* _Activity_
Filter the listing below, keeping every line that holds "with".

* _Material for the task_
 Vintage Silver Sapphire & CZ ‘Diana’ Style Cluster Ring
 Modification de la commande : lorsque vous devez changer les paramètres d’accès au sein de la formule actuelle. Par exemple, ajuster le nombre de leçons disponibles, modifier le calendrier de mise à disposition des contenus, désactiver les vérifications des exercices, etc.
...
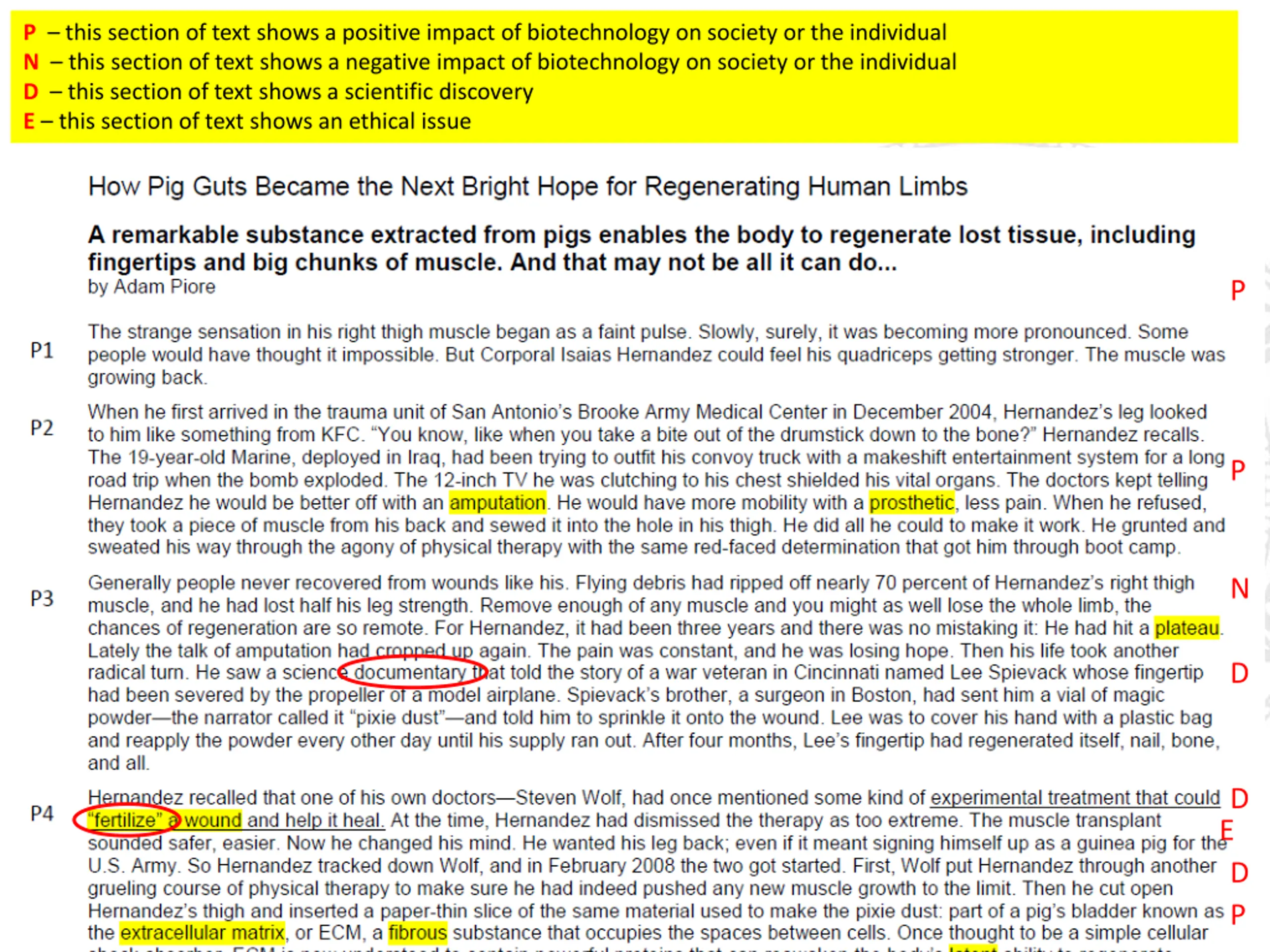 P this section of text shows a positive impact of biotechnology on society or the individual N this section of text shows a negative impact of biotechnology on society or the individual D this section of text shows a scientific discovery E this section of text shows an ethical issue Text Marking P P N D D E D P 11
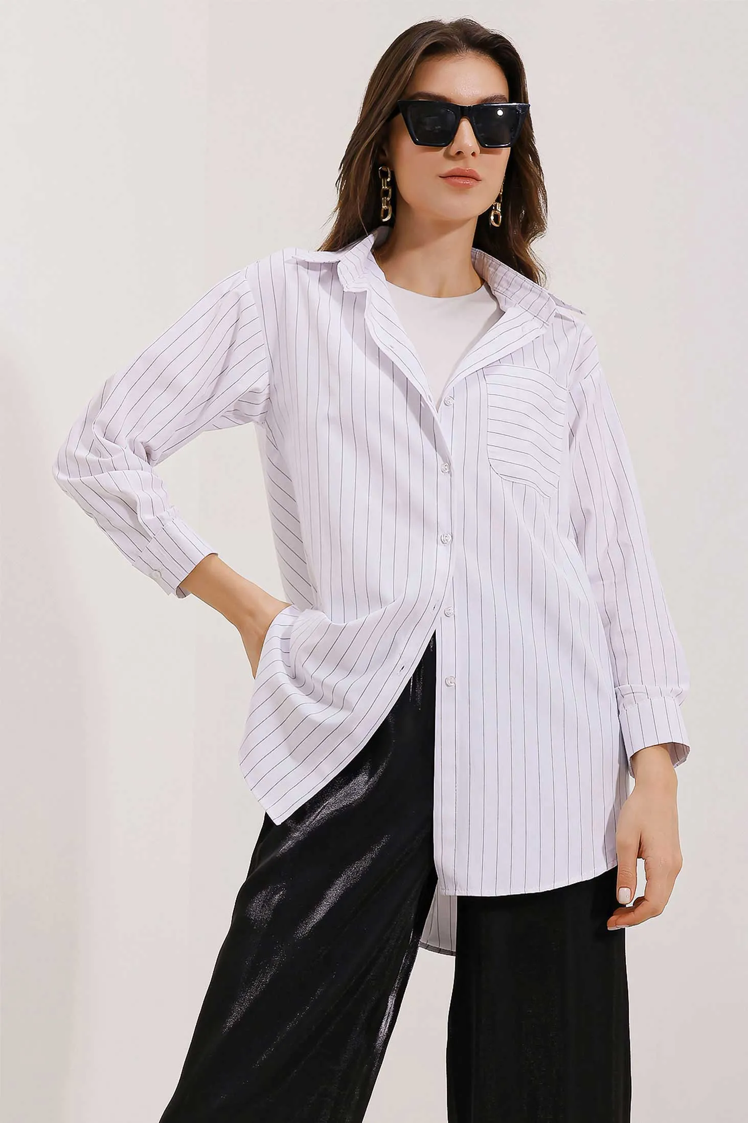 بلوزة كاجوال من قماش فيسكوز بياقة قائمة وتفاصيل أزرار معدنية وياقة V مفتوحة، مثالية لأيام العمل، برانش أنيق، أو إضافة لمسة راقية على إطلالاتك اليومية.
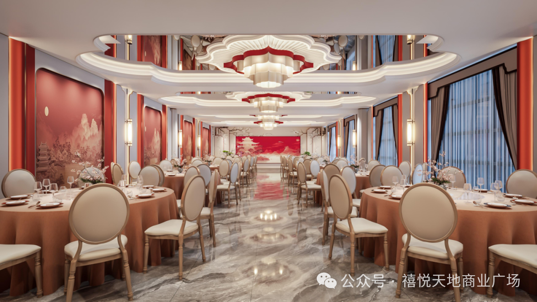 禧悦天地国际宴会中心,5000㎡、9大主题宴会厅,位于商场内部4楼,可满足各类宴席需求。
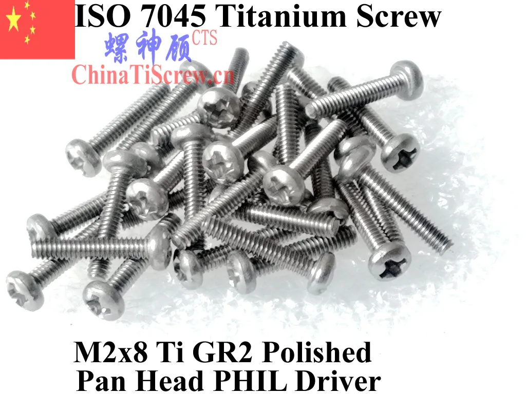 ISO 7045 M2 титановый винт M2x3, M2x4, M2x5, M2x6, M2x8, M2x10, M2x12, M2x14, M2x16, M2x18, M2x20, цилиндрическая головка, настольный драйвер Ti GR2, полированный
--
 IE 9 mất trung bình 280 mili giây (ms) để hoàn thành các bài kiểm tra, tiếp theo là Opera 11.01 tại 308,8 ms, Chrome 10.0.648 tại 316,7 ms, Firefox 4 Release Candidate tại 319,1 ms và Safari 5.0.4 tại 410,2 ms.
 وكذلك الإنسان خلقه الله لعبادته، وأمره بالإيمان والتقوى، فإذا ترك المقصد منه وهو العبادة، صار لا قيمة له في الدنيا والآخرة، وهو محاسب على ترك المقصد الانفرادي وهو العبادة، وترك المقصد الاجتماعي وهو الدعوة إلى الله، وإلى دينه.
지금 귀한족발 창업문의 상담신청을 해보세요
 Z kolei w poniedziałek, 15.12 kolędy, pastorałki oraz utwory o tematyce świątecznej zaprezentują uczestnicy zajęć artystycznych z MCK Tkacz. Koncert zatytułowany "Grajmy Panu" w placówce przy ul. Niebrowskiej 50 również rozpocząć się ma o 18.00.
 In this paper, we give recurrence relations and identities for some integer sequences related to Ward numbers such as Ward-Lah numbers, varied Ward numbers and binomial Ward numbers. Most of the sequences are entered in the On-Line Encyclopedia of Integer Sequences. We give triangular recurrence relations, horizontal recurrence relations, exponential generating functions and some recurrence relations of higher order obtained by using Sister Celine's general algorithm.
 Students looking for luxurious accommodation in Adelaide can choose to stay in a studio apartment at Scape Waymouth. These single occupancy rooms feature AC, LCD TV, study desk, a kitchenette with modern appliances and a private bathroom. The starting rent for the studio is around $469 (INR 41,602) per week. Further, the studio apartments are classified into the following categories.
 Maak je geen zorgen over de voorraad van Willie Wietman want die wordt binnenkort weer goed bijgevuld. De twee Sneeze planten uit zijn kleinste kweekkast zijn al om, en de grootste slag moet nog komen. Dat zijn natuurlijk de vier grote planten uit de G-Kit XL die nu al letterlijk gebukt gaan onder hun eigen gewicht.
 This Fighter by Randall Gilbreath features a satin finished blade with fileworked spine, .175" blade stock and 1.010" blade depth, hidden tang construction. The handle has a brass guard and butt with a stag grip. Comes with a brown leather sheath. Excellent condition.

* _Written response_
 Students looking for luxurious accommodation in Adelaide can choose to stay in a studio apartment at Scape Waymouth. These single occupancy rooms feature AC, LCD TV, study desk, a kitchenette with modern appliances and a private bathroom. The starting rent for the studio is around $469 (INR 41,602) per week. Further, the studio apartments are classified into the following categories.
 This Fighter by Randall Gilbreath features a satin finished blade with fileworked spine, .175" blade stock and 1.010" blade depth, hidden tang construction. The handle has a brass guard and butt with a stag grip. Comes with a brown leather sheath. Excellent condition.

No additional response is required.